С. Т. Семенов не грешит всем этим. Он бесхитростный описатель быта, в котором жил сам. Бесхитростно издается он в «Посреднике», и если есть у него какие-нибудь читатели, то и они, конечно, бесхитростные.
Заговорив о типичных «гениях из народа», претендентах на интеллигентско-писательский престол, о истерических предисловиях, не могу не вспомнить об одной странной новой книге. Вот что в ней удивительно. Истерическое, рекламное предисловие налицо, а между тем автор отнюдь не «из народа» и, кажется, не молод. Главное же, сами рассказы («Архаровцы и др.») совершенно и окончательно нейдут к предисловию, так же, как предисловие к ним нейдет. Рассказы самые обыкновенные, пишутся и даже кое-где печатаются они десятками, не за что их ни бранить особенно, ни хвалить. Чуть-чуть ниже черты, отделяющей литературу от нелитературы. И к этим-то скромно-ремесленным повестушкам, о которых в критике принято молчать, ни с того ни сего привязано нежданное предисловие. Кажется, что обыкновенный, смирный и даже хороший человек внезапно впал в буйное помешательство, заговорил не своим языком. Не плоше какого-нибудь М. Сивачева автор «Архаровцев» с надрывом повествует о своих скитаниях по редакциям, приводит даже письма известных писателей с отказом печатать его – «для доказательства того, что в литературе настоящего времени (нужно же это, наконец, сказать открыто) царствуют кружковщина и протекция»… И так далее, а в конце: «…надлежит помнить, что есть множество людей, мнящих себя знатоками, которые, глядя даже на самый яркий, пылающий светоч искусства, все будут задумчиво ковырять в своем носу» (sic!). «Как пощечина, – предупреждает бедный автор, – прозвучит для меня снисходительная, высокомерная похвала профессионала…»

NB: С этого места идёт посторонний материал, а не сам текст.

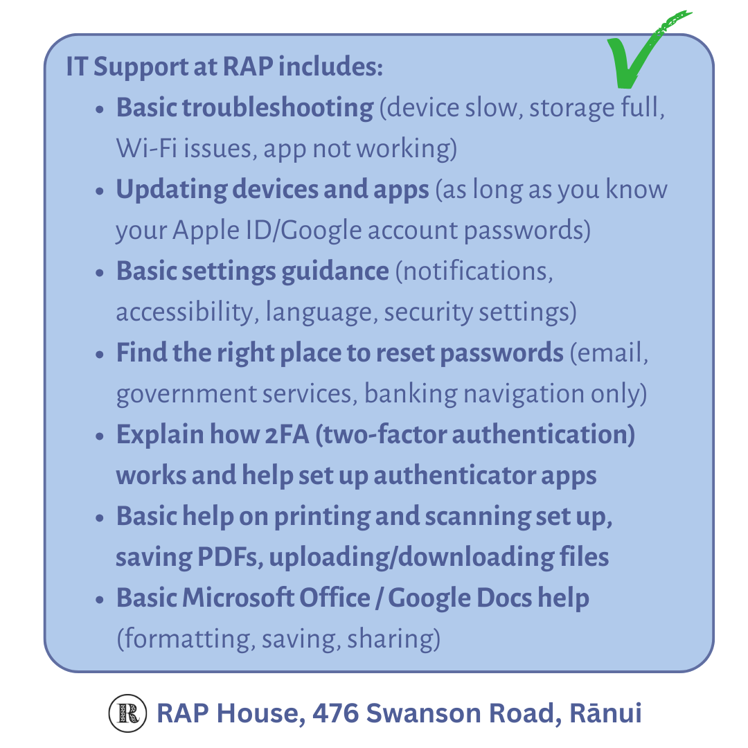 You can drop in for our IT / Computer sessions on Fridays at RAP house from 12.00pm to 2.00pm.

Это, конечно, не помешательство; боюсь, что это хуже. Не горькая ли жажда именно «пощечин», при смутном сознании, что без героических средств книга пройдет незамеченной, толкнула «беллетриста» на такой неловкий проступок? Он же, кстати, убежден: «чтобы быть писателем в наше время, меньше всего нужен талант, а больше всего реклама».
Увы, это убеждение – отчасти – оправдалось. Отчасти, ибо реклама не сделала ремесленника «писателем», но заставила все же произнести имя автора в некоторых толстых журналах, чего без предисловия не случилось бы. И я, конечно, не упомянул бы о книжке. Имени я, правда, не называю: я думаю, что когда-нибудь впоследствии автор будет благодарен мне за эту скромность. Когда поймет, что всякая неизвестность лучше неприятной и комичной «известности».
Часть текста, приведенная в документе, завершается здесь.